In patients already receiving intravenous therapy, the medicinal product may be diluted with appropriate volumes of physiological saline, isotonic dextrose solution, 5% dextrose solution, or potassium chloride ( 20 mmol/L and 40 mmol/L ). Avoid adding other medicinal products, apart from metronidazole, to the infusion solution.

Treatment

  • Adults and children over 12 years: 100 ml for intravenous infusion (at a rate of 5 ml per minute) every 8 hours. In most patients, 7 days of therapy are sufficient, but in some cases (inaccessible areas for drainage, new contamination, etc.) a longer duration of treatment may be required.
  • Children between 8 weeks and 12 years of age: The usual daily dose is 20–30 mg/kg/day as a single dose or divided into 7.5 mg/kg every 8 hours. The daily dose may be increased up to 40 mg/kg depending on the severity of the infection. The usual duration of treatment is 7 days.
  • Children under 8 weeks of age: 15 mg/kg as a single daily dose or divided into 7.5 mg/kg every 12 hours.
  • In neonates with a gestational age below 40 weeks, accumulation of metronidazole may occur during the first week of life; therefore, serum concentrations of metronidazole should preferably be monitored a few days after starting therapy.
  • Bacterial vaginosis: Adolescents: 400 mg twice daily for 5–7 days or 2000 mg as a single dose.

Prophylaxis

  • Adults and children over 12 years: 100 ml for intravenous infusion immediately before, during, or after surgery, followed by the same dose every 8 hours.
  • Children under 12 years: 20–30 mg/kg as a single dose administered 1–2 hours before surgery.
  • Neonates with a gestational age below 40 weeks: 10 mg/kg body weight as a single dose before surgery.

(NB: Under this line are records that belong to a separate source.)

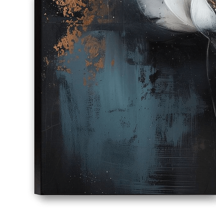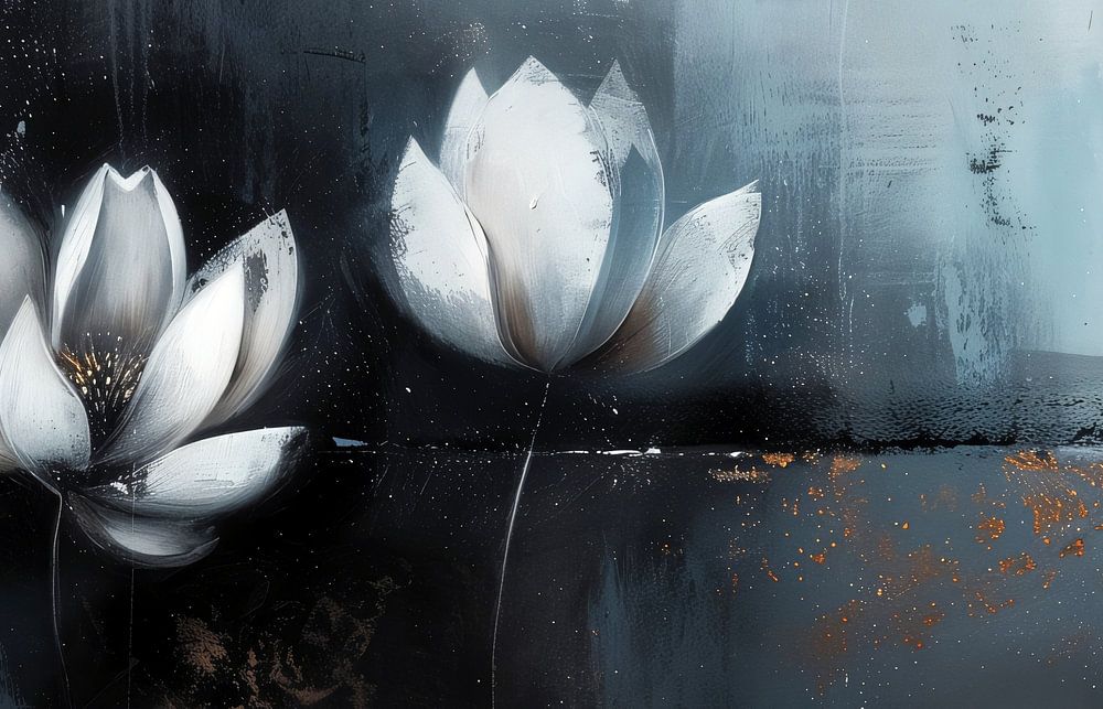 Abstract minimalism featuring two white lotus flowers on a grey-blue background with gold accents and a weathered grunge texture.
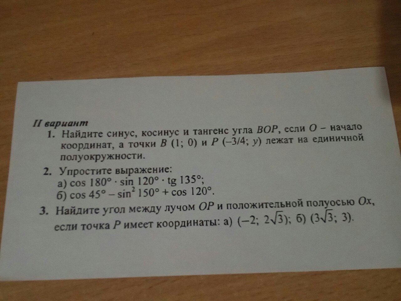 Задание 1. извлекаем корень из координат точки B и получаем (-корень(3)/2, 1/2) то есть 150 градусов
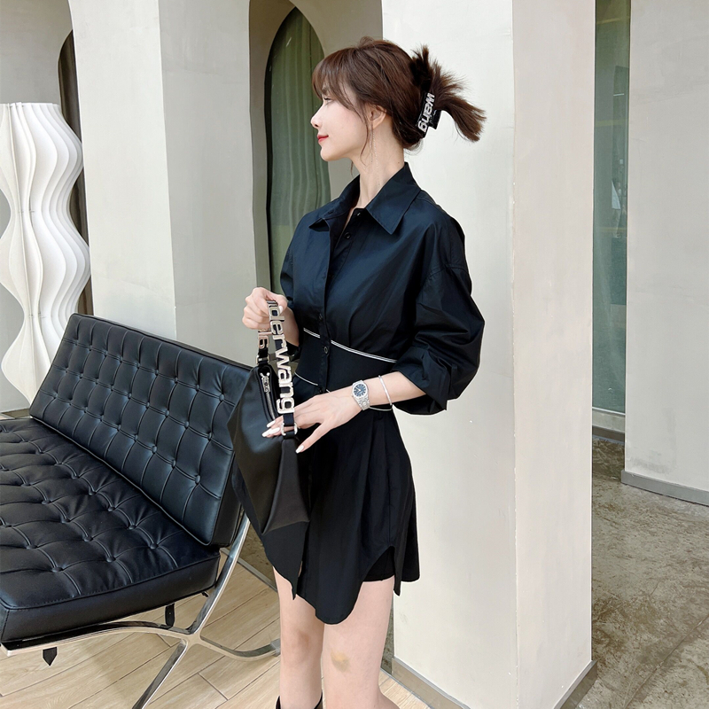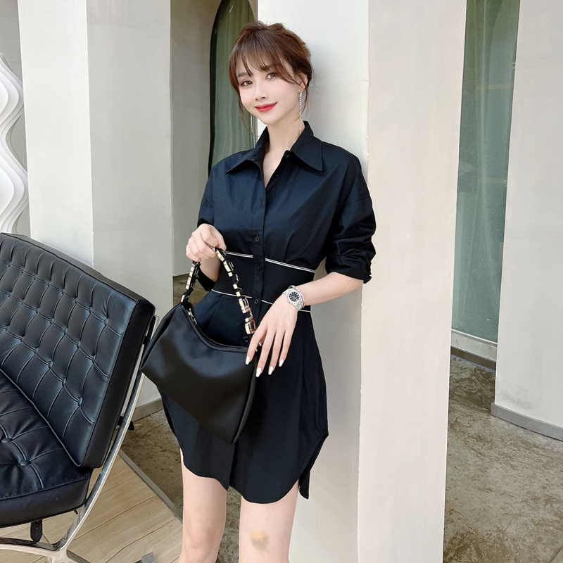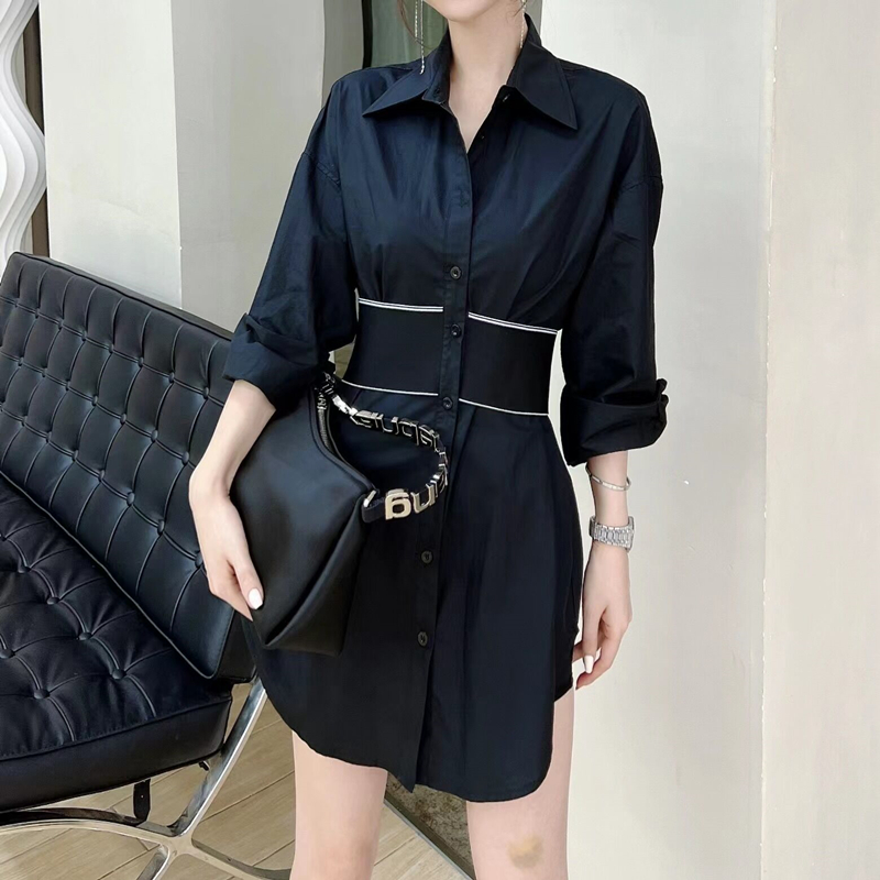 Kaka women's official flagship Han version of senior letters with a thin shirt tight waist dress

Interactions with other medicinal products and other forms of interaction
Metronidazole enhances the activity of warfarin and other oral coumarin anticoagulants, resulting in prolonged prothrombin time; dosage adjustments should therefore be considered in patients concurrently treated with these drugs and metronidazole.
Concomitant administration of drugs that induce hepatic microsomal enzymes (e.g. phenytoin, phenobarbital) may accelerate the elimination of metronidazole, leading to reduced plasma levels of the drug.
Metronidazole should not be administered to patients who have taken disulfiram within the preceding two weeks.

Incompatibilities
Avoid adding other medicinal products to the infusion solution. No additives should be added to the metronidazole solution.

Shelf life
36 months.

Special precautions for storage
Store at temperatures not exceeding 25°C. Keep in the original container and outer packaging. Protect from light.

For further information, consult the Summary of Product Characteristics.